- Directed by: M. M. Nesan
- Written by: P. J. Antony
- Produced by: M. M. Nesan
- Starring: Sathyan Madhu P. J. Antony Sankaradi
- Cinematography: T. N. Krishnankutty Nair
- Music by: B. A. Chidambaranath
- Production company: Satish Films
- Release date: 7 December 1967;
- Country: India
- Language: Malayalam

= Chekuthante Kotta =

Chekuthante Kotta is a 1967 Indian Malayalam-language horror thriller film, directed and produced by M. M. Nesan. The film stars Sathyan, Madhu, P. J. Antony, and Sankaradi. The film had a musical score by B. A. Chidambaranath.

== Plot ==

There is an old bungalow in the forest of High Range. It is known as the Devil's Fort, and even during the day no one goes in that area. It is said that the spirit of a girl who died long ago is still there, At midnight, people hear noises, including a woman's singing, and see a moving skeleton. Local people tell these tales about this bungalow.
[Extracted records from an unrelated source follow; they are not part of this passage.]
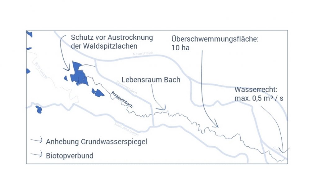 In Kooperation mit der Stadt Leipzig hat der NABU Sachsen die Maßnahmenvorschläge und die Vorplanungen für die Aufwertung des Burgauenbachs erarbeitet sowie fachliche Zuarbeiten für die hydrologische Modellierung des Gebiets und speziell der hydrologischen Wirkungen des Burgauenbachs erbracht.
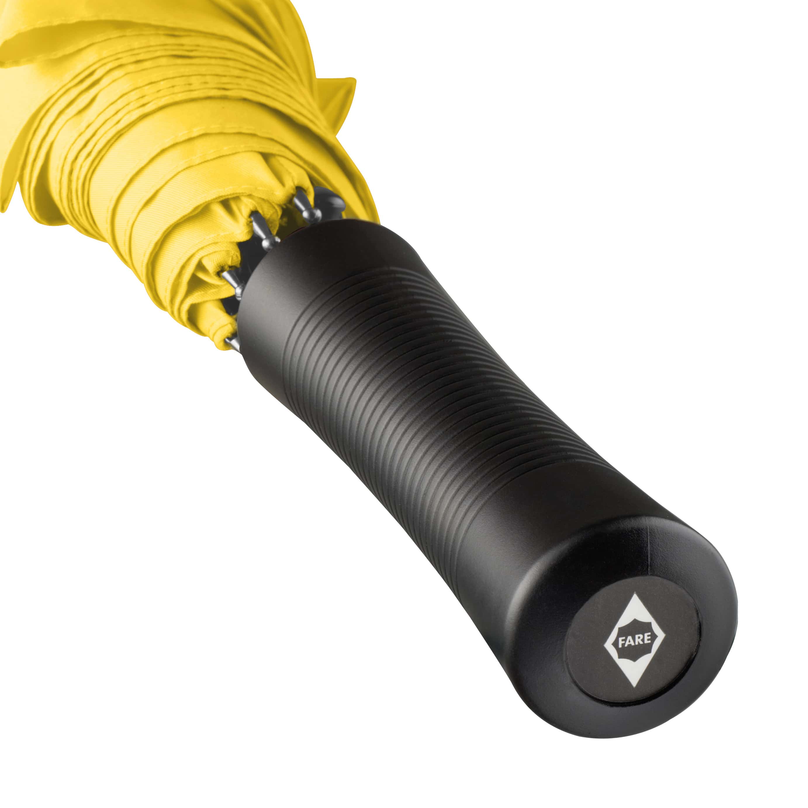 Convenient automatic function for quick opening, windproof features for higher flexibility and stability in windy conditions, flexible fibreglass ribs, straight dull black plastic handle with promotional labelling option, higher corrosion protection due to galvanized steel shaft
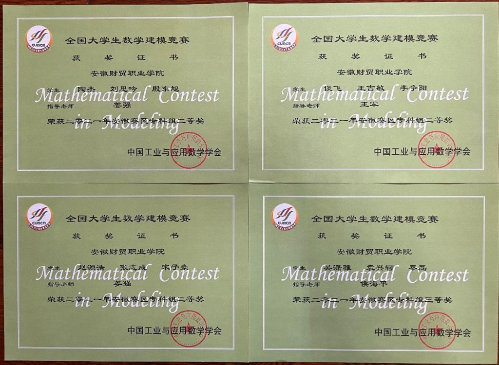 2021年全国大学生数学建模竞赛近日传来捷报,我校选拔7支队伍参赛,共获得安徽赛区专科组二等奖3项、三等奖1项。
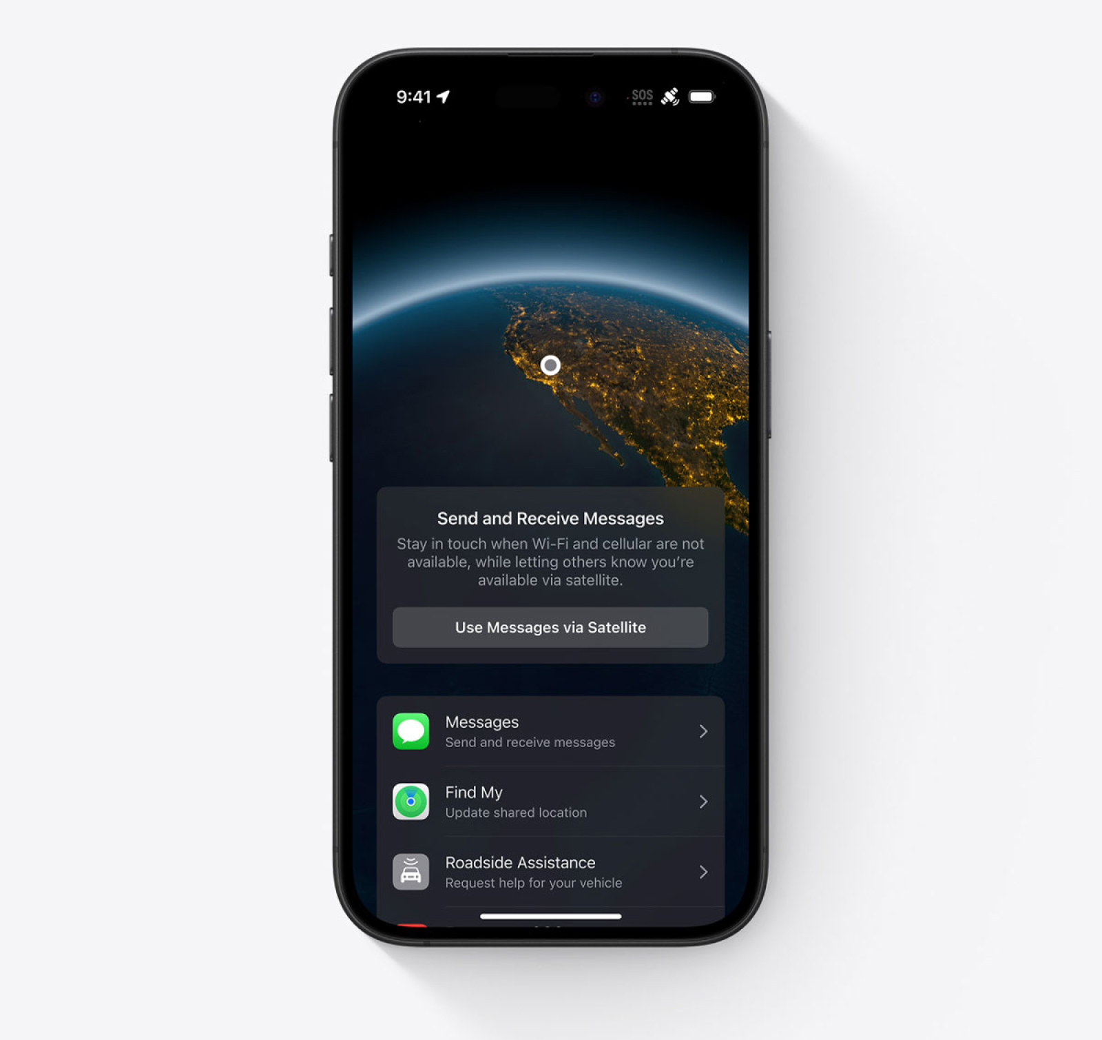 Если у вас нет сотовой связи или Wi-Fi, iPhone 16 может подключиться к спутнику , чтобы вы могли оставаться на связи или получать необходимую помощь. Спутниковая служба помощи на дороге может оказать вам помощь в таких ситуациях, как спущенная шина или разряженный аккумулятор автомобиля. iPhone свяжет вас с поставщиком услуг помощи на дороге, который может направить помощь по указанному вами адресу — даже если вы находитесь вне зоны действия сети

Two people from the town come there to investigate the mysteries surrounding this fort: Lawrence and Bhaskaran. Lawrence starts singing while driving through the hills in a jeep and enjoying the natural beauty of the place. Lawrence and Bhaskaran reach the bungalow, which has been empty for many years, and walk around to observe the surroundings. When they come back to the front of the bungalow, they both see that their bags and other things are on fire. Both of them enter the dusty and bat-filled bungalow. The two of them sweep and clean a room. That night, they hear a song of a woman in the distance. Searching for the source of the song, Lawrence and Bhaskaran walk around the bungalow. Suddenly, a skeleton rushes towards them and disappears.
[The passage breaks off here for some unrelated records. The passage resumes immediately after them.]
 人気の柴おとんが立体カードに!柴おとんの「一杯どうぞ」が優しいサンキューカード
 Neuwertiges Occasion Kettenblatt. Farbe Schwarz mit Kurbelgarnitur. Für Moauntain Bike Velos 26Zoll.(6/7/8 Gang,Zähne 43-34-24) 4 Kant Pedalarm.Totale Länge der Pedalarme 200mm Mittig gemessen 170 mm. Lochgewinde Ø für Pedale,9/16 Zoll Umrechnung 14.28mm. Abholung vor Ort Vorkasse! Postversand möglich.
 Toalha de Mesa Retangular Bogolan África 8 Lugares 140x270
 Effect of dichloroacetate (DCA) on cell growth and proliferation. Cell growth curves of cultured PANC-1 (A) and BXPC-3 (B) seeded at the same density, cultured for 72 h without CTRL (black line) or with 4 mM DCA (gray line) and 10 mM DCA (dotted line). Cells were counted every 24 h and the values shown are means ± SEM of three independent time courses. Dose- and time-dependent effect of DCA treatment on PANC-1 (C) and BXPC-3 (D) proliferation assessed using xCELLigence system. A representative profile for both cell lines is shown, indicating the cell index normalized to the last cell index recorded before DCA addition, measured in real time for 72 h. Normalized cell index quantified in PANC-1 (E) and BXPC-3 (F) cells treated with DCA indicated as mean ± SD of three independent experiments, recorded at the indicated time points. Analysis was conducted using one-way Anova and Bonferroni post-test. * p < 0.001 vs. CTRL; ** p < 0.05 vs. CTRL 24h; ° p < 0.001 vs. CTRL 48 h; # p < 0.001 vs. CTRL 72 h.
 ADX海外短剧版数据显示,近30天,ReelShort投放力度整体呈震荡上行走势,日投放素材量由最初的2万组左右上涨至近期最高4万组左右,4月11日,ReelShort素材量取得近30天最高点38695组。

Bhaskaran opines that it is not wise to stay in that place; things are worse than expected. But Lawrence is unmoved. Lawrence argues that ghosts do not exist in this century, and that they are mere human quirks. Not only that, Lawrence also invites other friends to join this adventure. His friends Venugopalan, Iqbal, and Sankaran reach the fort, along with a cook. Lawrence says that there is no ghost in the place, but everyone is scared, especially the cook. Venu is a good guitarist and always has a guitar with him. Lawrence knows that a band of robbers was encamped in that forest and argues that the bandits and the haunting of the bungalow are one and the same. Bhaskaran is also of the opinion that there is truth in what Lawrence is saying.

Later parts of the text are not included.